▸ Exercise requirements
Leave the pictures aside. Retype exactly the lines from the top of the data below through the one holding "Каждая из измеряемых".

▸ Data excerpt
-=-=-=-=-

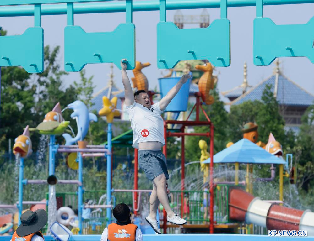 13일 장쑤(江蘇)성 화이안(淮安)에 위치한 물놀이장에서 장애물 통과 게임에 한창인 피서객. 2025.7.14
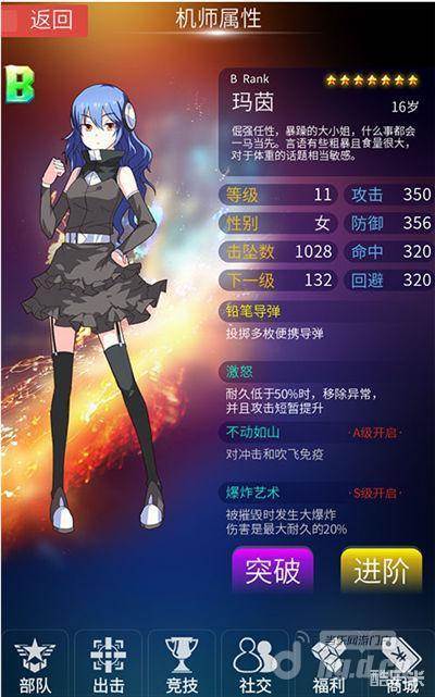 我们这位玛茵机师,身怀绝技,铅笔导弹技能虽听着很书卷气,但是可投掷多枚便携导弹,在初始时期还是十分管用的;激怒必杀可在耐久低于50%时,移除异常,并且让攻击得到短暂提升,真是如名字一般荡气回肠,简单,实用,任性;而在A级开启的不动如山,大大的增强了稳定性,对冲击和吹飞免疫;爆炸艺术可谓是将美发挥到了极致,被摧毁的同时发生大爆炸,伤害量最大达耐久的20%,死也要像绚烂的烟火,虽然此技能要到S级才能开启,但是这么美的技能,为什么不期待下呢?玛茵机师的技能和头像搭配的真是完美,微胖的妹纸发起脾气那是相当不得了!
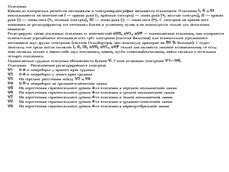 Каждая из измеряемых разностей потенциалов в электрокардиографии называется отведением. Отведения
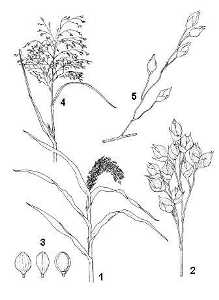 Millet (Panicum miliaceum) Line drawing: 1.) habit flowering stem; 2.) detail inflorescence branch; 3.) grains; cv. subgroup Miliaceum:- 4.) habit flowering stem; 5.) detail inflorescence branch.

-=-=-=-=-

▸ Task output
 13일 장쑤(江蘇)성 화이안(淮安)에 위치한 물놀이장에서 장애물 통과 게임에 한창인 피서객. 2025.7.14
 我们这位玛茵机师,身怀绝技,铅笔导弹技能虽听着很书卷气,但是可投掷多枚便携导弹,在初始时期还是十分管用的;激怒必杀可在耐久低于50%时,移除异常,并且让攻击得到短暂提升,真是如名字一般荡气回肠,简单,实用,任性;而在A级开启的不动如山,大大的增强了稳定性,对冲击和吹飞免疫;爆炸艺术可谓是将美发挥到了极致,被摧毁的同时发生大爆炸,伤害量最大达耐久的20%,死也要像绚烂的烟火,虽然此技能要到S级才能开启,但是这么美的技能,为什么不期待下呢?玛茵机师的技能和头像搭配的真是完美,微胖的妹纸发起脾气那是相当不得了!
 Каждая из измеряемых разностей потенциалов в электрокардиографии называется отведением. Отведения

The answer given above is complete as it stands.